◆ Requirement
Every line from the one containing "برای دستیابی به" to the end of the records below should be returned exactly; pictures are to be dropped.

◆ Data for processing
<<<<

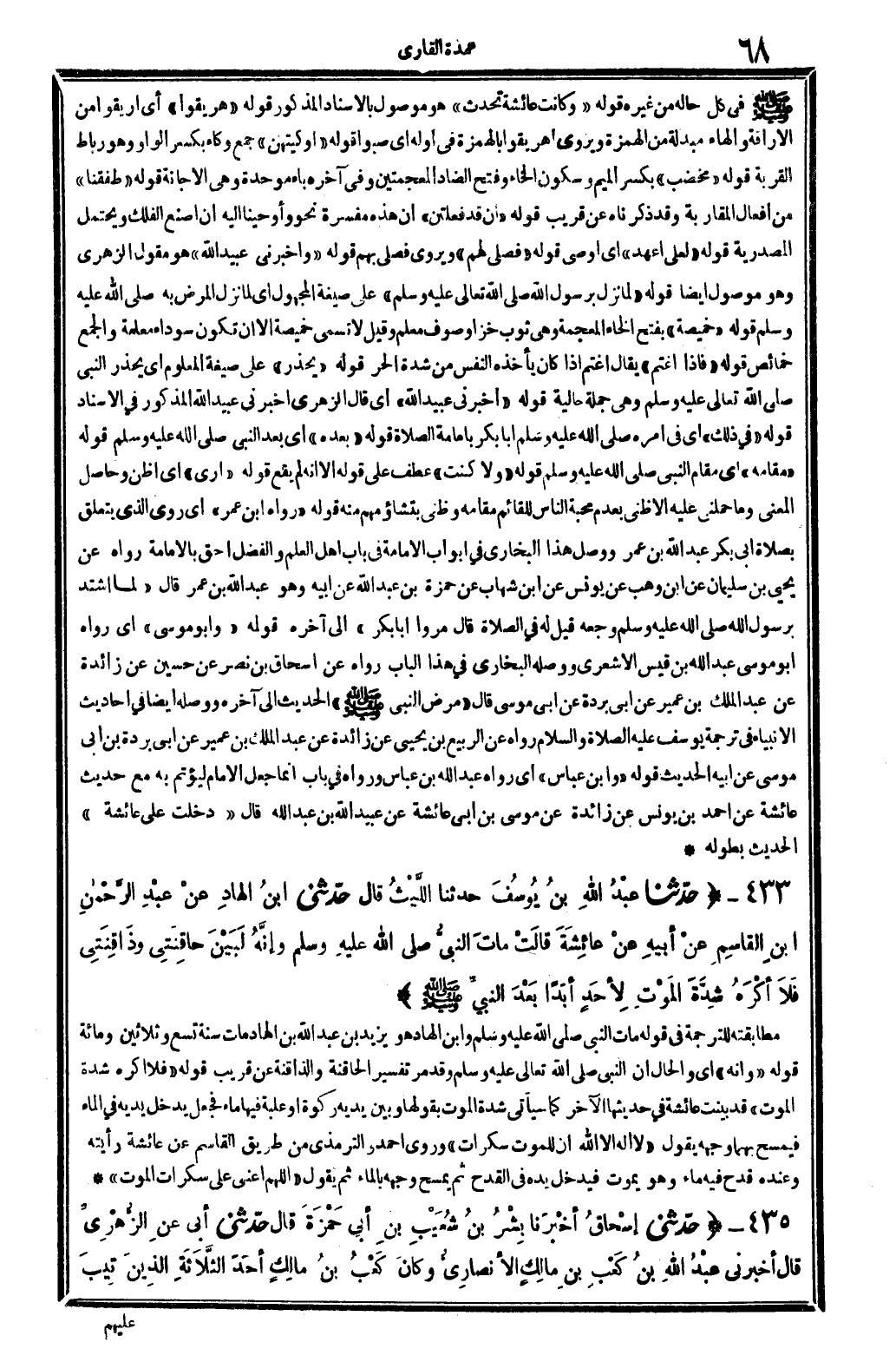 - صَلَّى اللَّهُ عَلَيْهِ وَسَلَّم َ - فِي كل حَاله من غَيره قَوْله " وَكَانَت عَائِشَة تحدث " هُوَ مَوْصُول بِالْإِسْنَادِ الْمَذْكُور قَوْله " هريقوا " أَي أريقوا من الإراقة وَالْهَاء مبدلة من الْهمزَة ويروى أهريقوا بِالْهَمْزَةِ فِي أَوله أَي صبوا قَوْله " أوكيتهن " جمع وكاء بِكَسْر الْوَاو وَهُوَ رِبَاط الْقرْبَة قَوْله " مخضب " بِكَسْر الْمِيم وَسُكُون الْخَاء وَفتح الضَّاد المعجمتين وَفِي آخِره بَاء مُوَحدَة وَهِي الاجانة قَوْله " طفقنا " من أَفعَال المقاربة وَقد ذَكرْنَاهُ عَن قريب قَوْله " أَن قد فعلتن " أَن هَذِه مفسرة نَحْو وأوحينا إِلَيْهِ أَن اصْنَع الْفلك وَيحْتَمل المصدرية قَوْله " لعَلي أَعهد " أَي أوصِي قَوْله " فصلى لَهُم " ويروى فصلى بهم قَوْله " وَأَخْبرنِي عبيد الله " هُوَ مقول الزُّهْرِيّ وَهُوَ مَوْصُول أَيْضا قَوْله " لما نزل برَسُول الله - صَلَّى اللَّهُ عَلَيْهِ وَسَلَّم َ - " على صِيغَة الْمَجْهُول أَي لما نزل الْمَرَض بِهِ - صَلَّى اللَّهُ عَلَيْهِ وَسَلَّم َ - قَوْله " خميصة " بِفَتْح الْخَاء الْمُعْجَمَة وَهِي ثوب خَز أَو صوف معلم وَقيل لَا تسمى خميصة إِلَّا أَن تكون سَوْدَاء معلمة وَالْجمع خمائص قَوْله " فَإِذا اغتم " يُقَال اغتم إِذا كَانَ يَأْخُذهُ النَّفس من شدَّة الْحر قَوْله " يحذر " على صِيغَة الْمَعْلُوم أَي يحذر النَّبِي - صَلَّى اللَّهُ عَلَيْهِ وَسَلَّم َ - وَهِي جملَة حَالية قَوْله " أَخْبرنِي عبيد الله " أَي قَالَ الزُّهْرِيّ أَخْبرنِي عبيد الله الْمَذْكُور فِي الْإِسْنَاد قَوْله " فِي ذَلِك " أَي فِي أمره - صَلَّى اللَّهُ عَلَيْهِ وَسَلَّم َ - أَبَا بكر بإمامة الصَّلَاة قَوْله " بعده " أَي بعد النَّبِي - صَلَّى اللَّهُ عَلَيْهِ وَسَلَّم َ - قَوْله " مقَامه " أَي مقَام النَّبِي - صَلَّى اللَّهُ عَلَيْهِ وَسَلَّم َ - قَوْله " وَلَا كنت " عطف على قَوْله إِلَّا أَنه لم يَقع قَوْله " أرى " أَي أَظن وَحَاصِل الْمَعْنى وَمَا حَملَنِي عَلَيْهِ إِلَّا ظَنِّي بِعَدَمِ محبَّة النَّاس للقائم مقَامه وظني بتشاؤمهم مِنْهُ قَوْله " رَوَاهُ ابْن عمر " أَي روى الَّذِي يتَعَلَّق بِصَلَاة أبي بكر عبد الله بن عمر وَوصل هَذَا البُخَارِيّ فِي أَبْوَاب الْإِمَامَة فِي بَاب أهل الْعلم وَالْفضل أَحَق بِالْإِمَامَةِ رَوَاهُ عَن يحيى بن سُلَيْمَان عَن ابْن وهب عَن يُونُس عَن ابْن شهَاب عَن حَمْزَة بن عبد الله عَن أَبِيه وَهُوَ عبد الله بن عمر قَالَ " لما اشْتَدَّ برَسُول الله - صَلَّى اللَّهُ عَلَيْهِ وَسَلَّم َ - وَجَعه قيل لَهُ فِي الصَّلَاة قَالَ مروا أَبَا بكر " إِلَى آخِره قَوْله " وَأَبُو مُوسَى " أَي رَوَاهُ أَبُو مُوسَى عبد الله بن قيس الْأَشْعَرِيّ وَوَصله البُخَارِيّ فِي هَذَا الْبَاب رَوَاهُ عَن إِسْحَاق بن نصر عَن حُسَيْن عَن زَائِدَة عَن عبد الْملك بن عُمَيْر عَن أبي بردة عَن أبي مُوسَى قَالَ " مرض النَّبِي - صَلَّى اللَّهُ عَلَيْهِ وَسَلَّم َ - " الحَدِيث إِلَى آخِره وَوَصله أَيْضا فِي أَحَادِيث الْأَنْبِيَاء فِي تَرْجَمَة يُوسُف عَلَيْهِ الصَّلَاة وَالسَّلَام رَوَاهُ عَن الرّبيع بن يحيى عَن زَائِدَة عَن عبد الْملك بن عُمَيْر عَن أبي بردة بن أبي مُوسَى عَن أَبِيه الحَدِيث قَوْله " وَابْن عَبَّاس " أَي رَوَاهُ عبد الله بن عَبَّاس وَرَوَاهُ فِي بَاب إِنَّمَا جعل الإِمَام ليؤتم بِهِ مَعَ حَدِيث عَائِشَة عَن أَحْمد بن يُونُس عَن زَائِدَة عَن مُوسَى بن أبي عَائِشَة عَن عبيد الله بن عبد الله قَالَ " دخلت على عَائِشَة " الحَدِيث بِطُولِهِ -
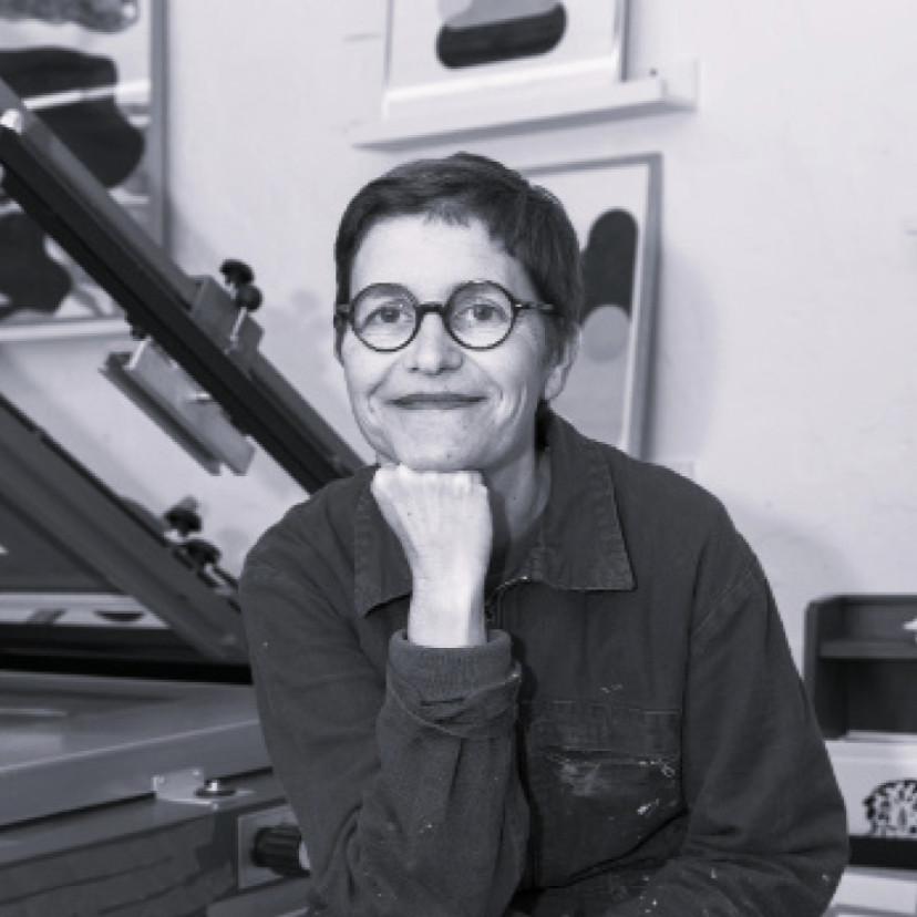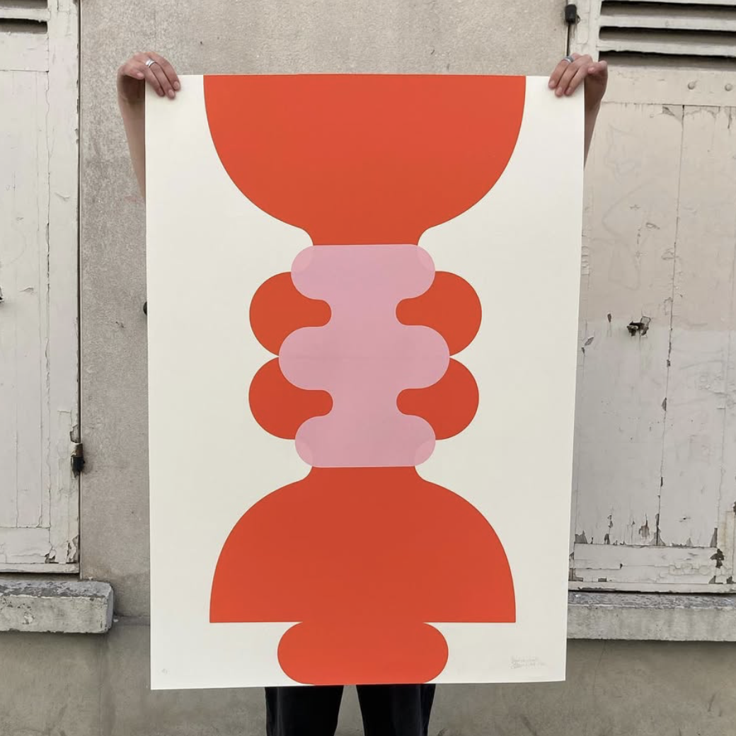 Toutes ses créations graphiques sont imprimées en sérigraphie dans son atelier à Paris dans le quartier de Montmartre.
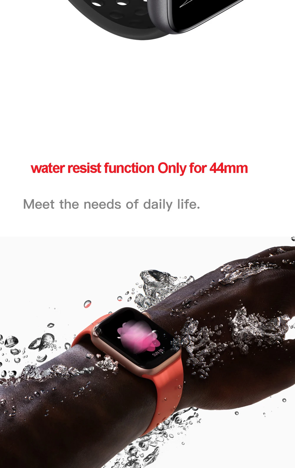 -44 мм версия имеет функцию водонепроницаемости -Сменные ремни, Миланский ремешок, нержавеющая сталь, силиконовый ремешок, кожаный ремешок; -Bluetooth циферблаты, Answe звонки, информация напоминания; -Bluetooth Музыка для управления воспроизведением музыки на мобильный телефон, звук исходит от динамика часов; Примечание: опции отключения звука и вибрации работают только для сообщений и уведомлений часов, они не отвечают на входящий телефонный звонок. -SMS Bluetooth Синхронизация push, дистанционное управление камерой телефона; Примечание: функция удаленной камеры не поддерживает iPhone для ограничения apple -Монитор сердечного ритма, монитор сна, шагомер Примечание: монитор сердечного ритма и ЭКГ не являются профессиональными, результат не является точным. Вы должны использовать профессиональный инструмент, если вам нужны более точные данные. -Водонепроницаемость: профессиональный водонепроницаемый, Примечание: не может долго оставаться в воде, не может использоваться для плавания, принятия душа, часы не могут противостоять водяному пару и пару.
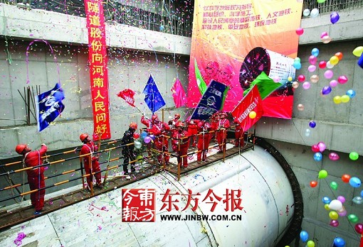 昨天上午10时许,郑州市金水东路与东风东路交叉口西南角,地铁1号线七里河站施工现场。随着“郑州1号”盾构机的启动,“郑州轨道交通第一块管片”从地面被吊运到基坑地下二层的施工区,通过已经铺好的铁轨运送到盾构机前端。6块管片相互咬合将组成一个隧道的支撑体。此时,开足马力的“郑州1号”,橘红色的巨型刀盘开始旋转,在巨大的推力下,向隧道作业面缓缓推进。未来四个多月,它将和“郑州2号”一起交替着向西北方向1000米以外的农业东路站掘进。
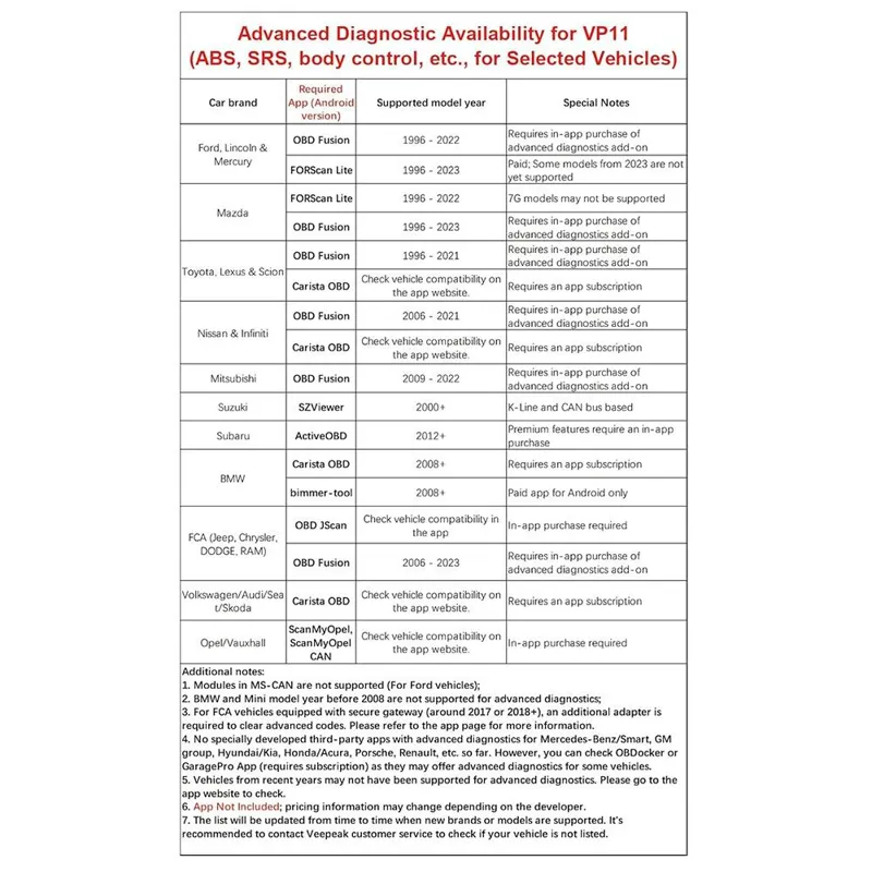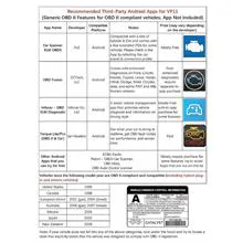 برای دستیابی به ویژگی های فوق به یک برنامه OBD شخص ثالث اندروید نیاز دارد (برخی از برنامه ها پولی هستند یا برای ویژگی های نیاز به خرید درونبرنامه دارند). سازگار با Torque Lite/Pro، OBD Fusion، Car Scanner ELM OBD2 و Infocar. با برنامه های Bluedriver، FIXD،
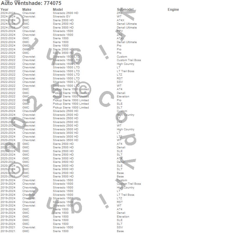 Below is an abbreviated list of applications for the Ventvisor Low Profile Deflector 4 pc..

>>>>

◆ Answer space
 برای دستیابی به ویژگی های فوق به یک برنامه OBD شخص ثالث اندروید نیاز دارد (برخی از برنامه ها پولی هستند یا برای ویژگی های نیاز به خرید درونبرنامه دارند). سازگار با Torque Lite/Pro، OBD Fusion، Car Scanner ELM OBD2 و Infocar. با برنامه های Bluedriver، FIXD،
 Below is an abbreviated list of applications for the Ventvisor Low Profile Deflector 4 pc..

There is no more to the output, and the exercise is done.